Retrospective Study
Copyright ©The Author(s) 2017.
World J Gastroenterol. May 7, 2017; 23(17): 3111-3121
Published online May 7, 2017. doi: 10.3748/wjg.v23.i17.3111
Figure 3
Figure 3 A 74-year-old man with an early hepatocellular carcinoma lesion (maximum diameter, 20 mm) in segment III of the liver. A: Pretreatment contrast-enhanced magnetic resonance imaging (MRI) with Gd-EOB-DTPA obtained during the arterial phase shows the tumor (arrowheads), with the tumor appearing as a partially hyper-intense area; B: Conventional ultrasonography (US) shows the tumor as an almost hyper-echoic and a partially hypo-echoic lesion (arrowheads); C: Contrast-enhanced US image obtained during the arterial phase (left side) shows the enhancement of almost the entire tumor (arrowheads). The contrast-enhanced US image obtained during the post-vascular phase (right) shows a partially hypo-echoic lesion (arrowheads); D: Contrast-enhanced US obtained during the arterial phase 1 d after radiofrequency ablation (RFA) shows the ablated lesion as an avascular area, and the dotted-line circle shows the site of the tumor (left side). A contrast-enhanced MRI image with Gd-EOB-DTPA obtained during the hepatobiliary phase before RFA is shown as a reference (right side).
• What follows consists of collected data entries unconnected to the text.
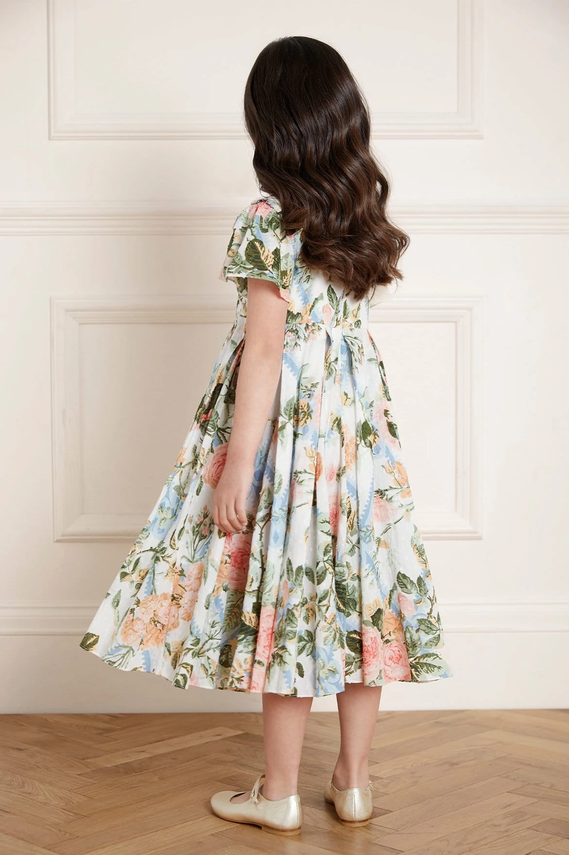 NEW SEASON | NEEDLE & THREAD EXCLUSIVE. The Rose Garden Cotton KIDS Prom Dress. This dress is elegantly crafted with soft cotton in a dotted, textured fabric. Printed with a beautiful rose and trellis design in soft, pastel tones. Boasting a box pleat skirt, creating a playful shape. Dress her up in the Rose Garden for any occasion.
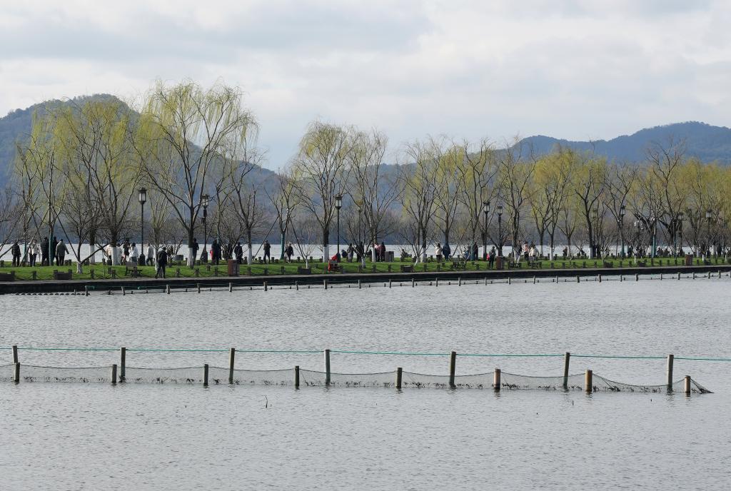 3月4日,游客行走在杭州西湖白堤上。春日,杭州西湖景區(qū)花紅柳綠,一派春光。新華社記者 韓傳號(hào) 攝
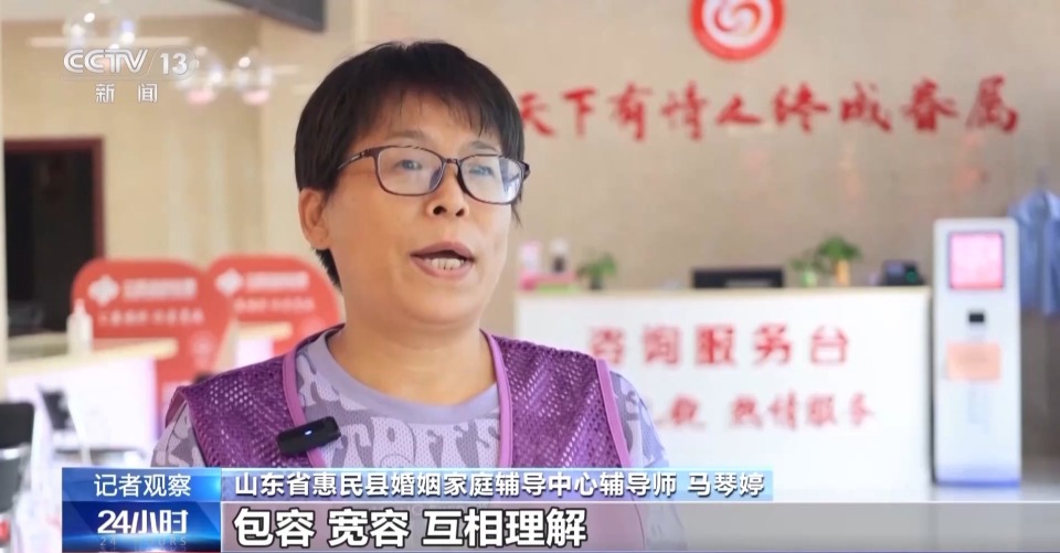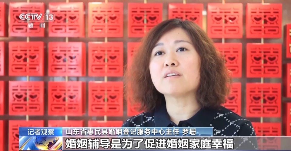 山东省惠民县婚姻登记服务中心主任 罗珊:婚姻辅导是为了促进婚姻家庭幸福、社会稳定的一项重要的基本内容,迫切需要专业的人才来从事这项工作,建立一个婚前、婚中、婚后全链条的婚姻辅导服务。
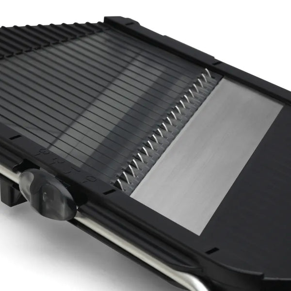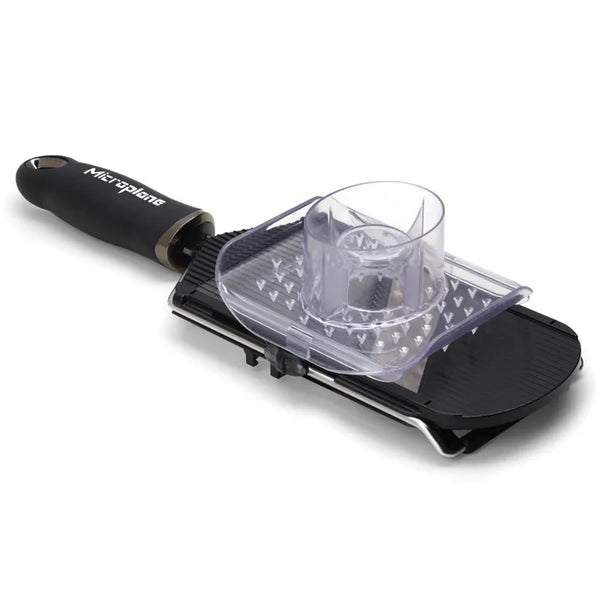 Con la Mandolina ajustable de Microplane y sus hojas de larga duración, ultra afiladas y corte en juliana producirás tiras largas y cortas.
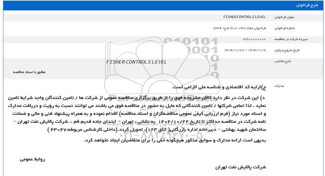 عنوان فراخوان FISHER CONTROLS LEVEL
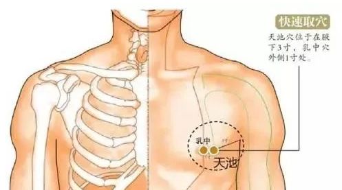 天池穴是心包经的第一个穴位,位于乳头外上方一寸,第四五肋间。
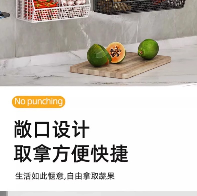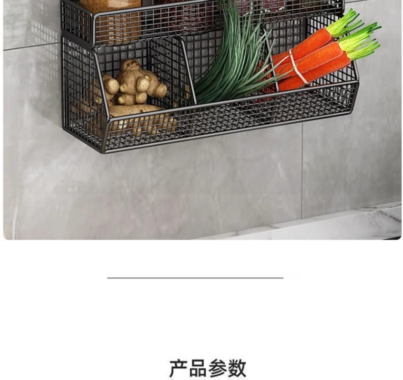 ネギのショウガのニンニクの収納箱のバスケットの壁掛けは穴を開けないで物棚の台所のショウガのニンニクの多機能の台所の調味料棚を置きます。
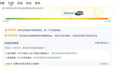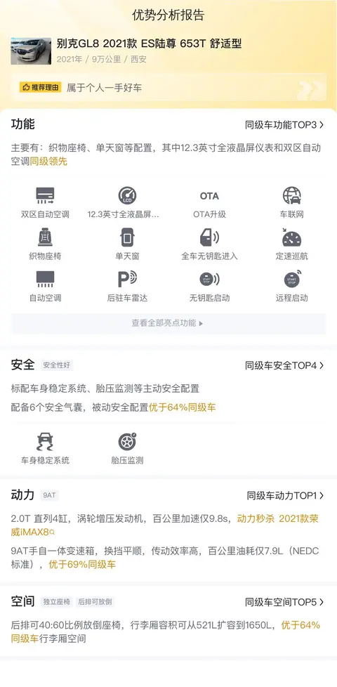 该车作为一款2021款的别克GL8 ES陆尊653T舒适型,首次上牌时间为2021年9月,至今行驶里程为9万公里,车源地与上牌地均为西安,车身颜色为香槟色,新车指导价为31.39万,如今二手车报价20.98万,目前0过户。
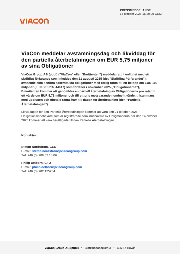 ViaCon Group AB (publ) (”ViaCon” eller ”Emittenten”) meddelar att, i enlighet med ett skriftligt förfarande som inleddes den 21 augusti 2025 (det ”Skriftliga Förfarandet”), avseende sina seniora säkerställda obligationer med rörlig ränta till ett belopp om EUR 100 miljoner (ISIN SE0016844617) som förfaller i november 2025 (”Obligationerna”), Emmitenten kommer att genomföra en partiell återbetalning av Obligationerna pro rata till ett värde om EUR 5,75 miljoner och till ett pris motsvarande nominellt värde, tillsammans med upplupen och obetald ränta fram till dagen för återbetalning (den ”Partiella Återbetalningen”).

The ablative margin was evaluated as less than 5 mm because the portal vein was near (arrows); E: Victoria blue staining, showing elastic fibers surrounding the portal tract in blue, reveals stromal (portal tract) invasion compatible with a diagnosis of early hepatocellular carcinoma (arrowheads); F: Post-treatment contrast-enhanced MRI with Gd-EOB-DTPA shows local tumor progression at 636 d after ablation. The arrows indicate the ablative zone, and the arrowheads indicate the recurrence of the tumor, which appeared as a hyper-intense area during the arterial-phase. HCC: Hepatocellular carcinoma.